Quinze anos. Namorava. Brigamos! Ferida, magoada, falava sem parar, queria que me provasse que me amava. Ele gesticulava, não o deixava nem murmurar uma defesa... Não teve dúvidas, calou-me com um beijo inesquecível, maravilhoso, como jamais alguém me beijou, nem ele próprio! Eu o carreguei para o altar e juntos ficamos até bem depois da morte o levar.

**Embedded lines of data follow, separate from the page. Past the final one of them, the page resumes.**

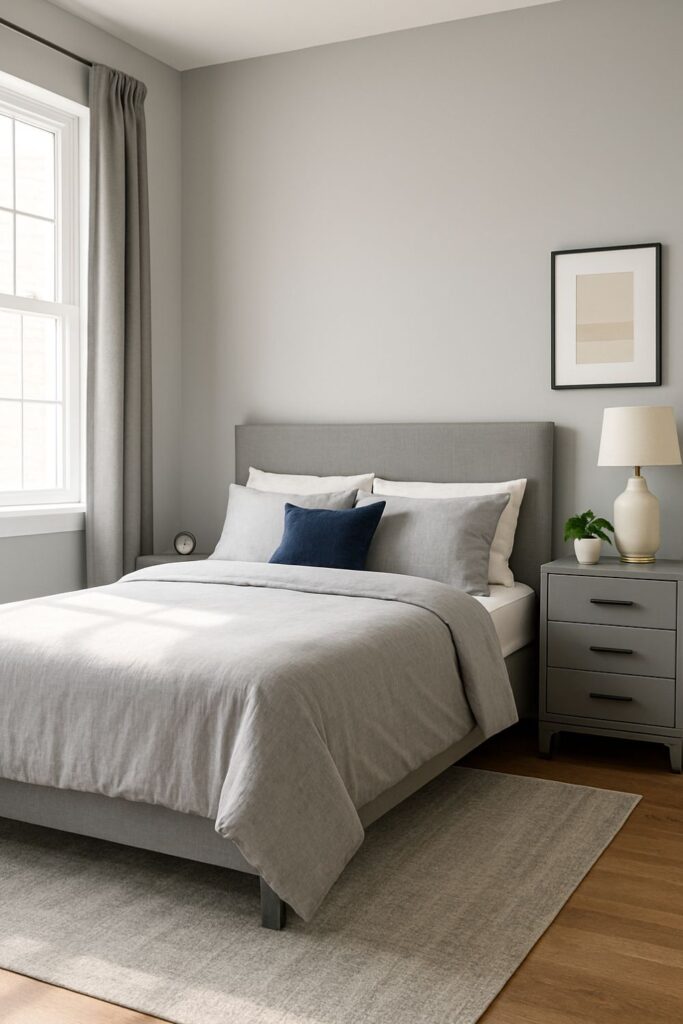 A gray dresser or bedside table adds subtle color without drawing too much attention. Stick with simple lines and matte finishes to keep the look clean and modern.
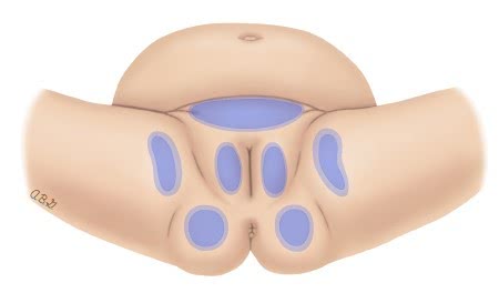 “红屁股”多数是指尿布疹或尿布皮炎,是婴幼儿最常见的皮肤疹。为什么会发生呢?宝宝皮肤十分娇嫩,当每日排便排尿的次数比较多,粪便尿液中的氨水等刺激性物质经常刺激皮肤,所以,它通常发生在与尿布直接接触的凸起皮肤表面,包括臀部、下腹、生殖器和大腿等部位。(如图所示蓝色为常发生“红屁屁”的位置)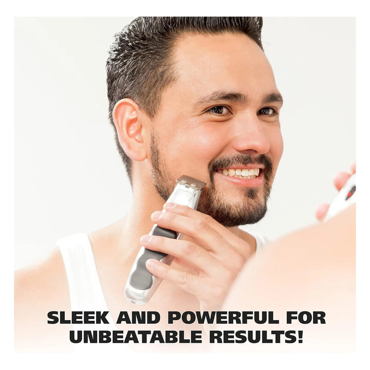 ¿Qué harías con una hora de autonomía inalámbrica? Recorta, da forma y perfecciona tu barba o bigote sin ataduras. Incluye 14 longitudes de corte (desde 1/16" hasta 1/2") y un peine ajustable de 6 posiciones para personalizar tu estilo al milímetro. ¿Vello nasal rebelde? El recortador de nariz incluido resuelve el problema de forma higiénica y sin dolor. Todo esto, respaldado por Wahl, una marca confiable desde 1919, utilizada por barberos profesionales.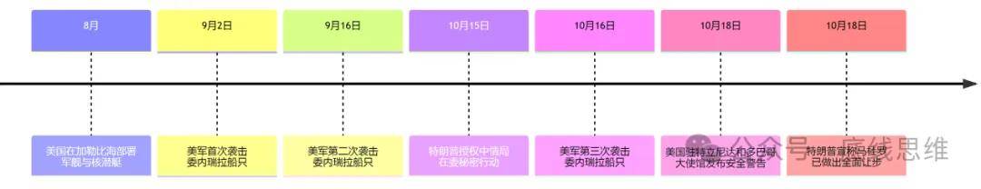2025年美委关系部分紧张事件至截稿时的Mermaid时间线图(以当地日期为准)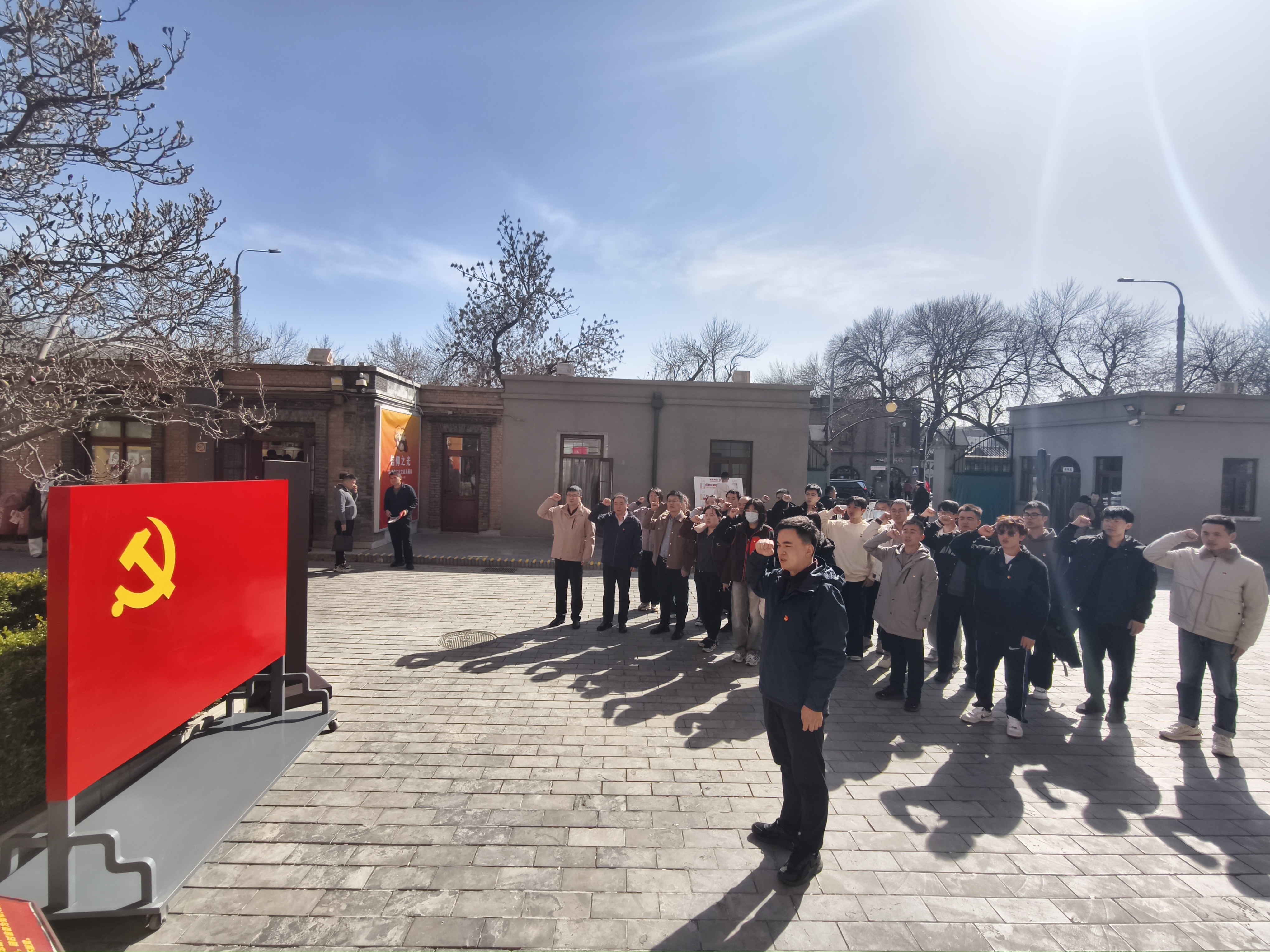 在承载厚重历史的纪念馆南门,全体党员面向鲜红党旗庄严宣誓。春日暖阳映照下,铮铮誓言与百年红楼的砖木肌理形成时空交响,“忠诚于党、科技报国”的初心使命在此刻愈显坚定。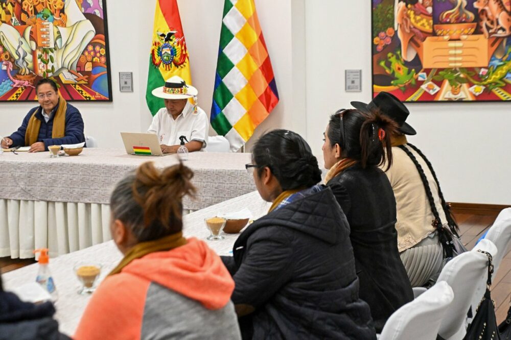 Una de las mayores fortalezas de nuestro Gobierno es el diálogo y coordinación constante con las organizaciones sociales para la toma de decisiones. Hoy nos reunimos con hermanas de la Conf. Sindical de Mujeres de Comunidades Interculturales de Bolivia. ¡Gracias por el cariño! https://t.co/CTVcG85HMG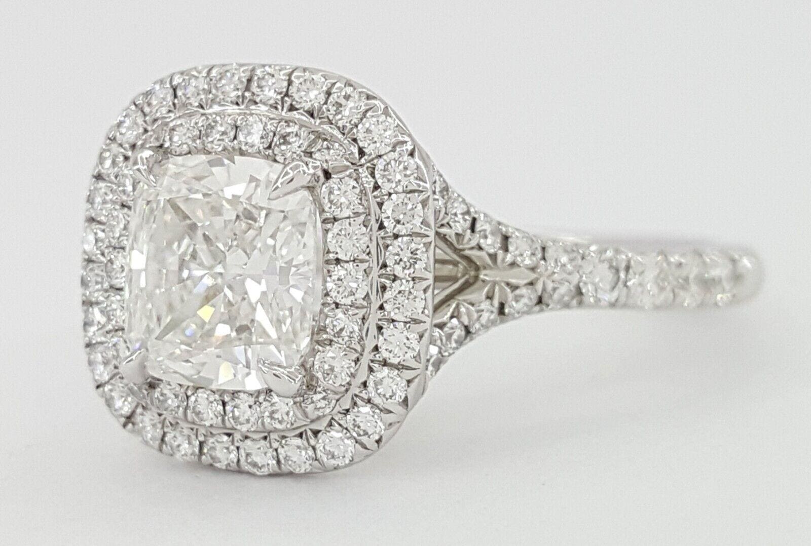 Tiffany & Co Soleste® 1.45 ct Cushion Diamond Halo Engagement Ring F/IF $32.2k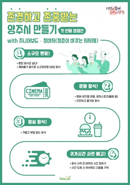 이번 캠페인은 직장 내 갑질을 예방하고 세대 간 문화와 가치관의 차이에서 비롯되는 갈등을 해소해 서로가 존중하고 존중받는 양주시 조직문화를 조성하고자 MZ세대 직원으로 구성된 양주시 주니어보드에서 제안했다.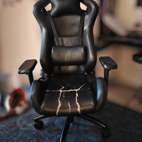 Kjøpt i 2020, er kommet noen merker helt fremme, men merker ikke noe til den når man sitter i stolen.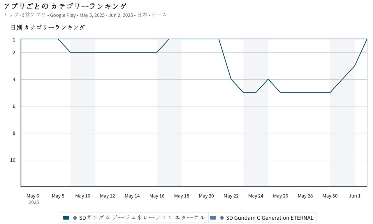 | 1 | ↑2 | SDガンダム ジージェネレーション エターナル | バンダイナムコエンターテインメント<7832>/アプリボット<4751> |

Mais de trinta anos. Viúva. Pós-graduação na PUC, Semiótica, Mestrado. Uma loucura de livros! Era Coordenadora Pedagógica no colégio, dia de comissão de classe com professores. Sexta-feira. Amigas me convidaram: Vamos dançar? Estava exausta, quase não sei dançar. Como fazê-lo? Me carregaram. Fui a contragosto. Fiquei sentada na mesa olhando. Observando os casais girando! E ali, do meio da multidão, ele veio, atravessou o salão, me pegou pela mão e me levou, sem nenhuma palavra. Deslizava meu corpo para todo lado. Só olhava para os olhos dele. Não sei se foi o mundo que parou ou ele. Só senti seus lábios nos meus... Momento mágico! Vi estrelas... Ninguém mais existia ali. Só nós dois. Não sei nem mesmo qual era a música que dançávamos, pois só ouvi a melodia do meu coração. Ficamos juntos por quatro anos. E até bem depois deste tempo eu o amei por demais.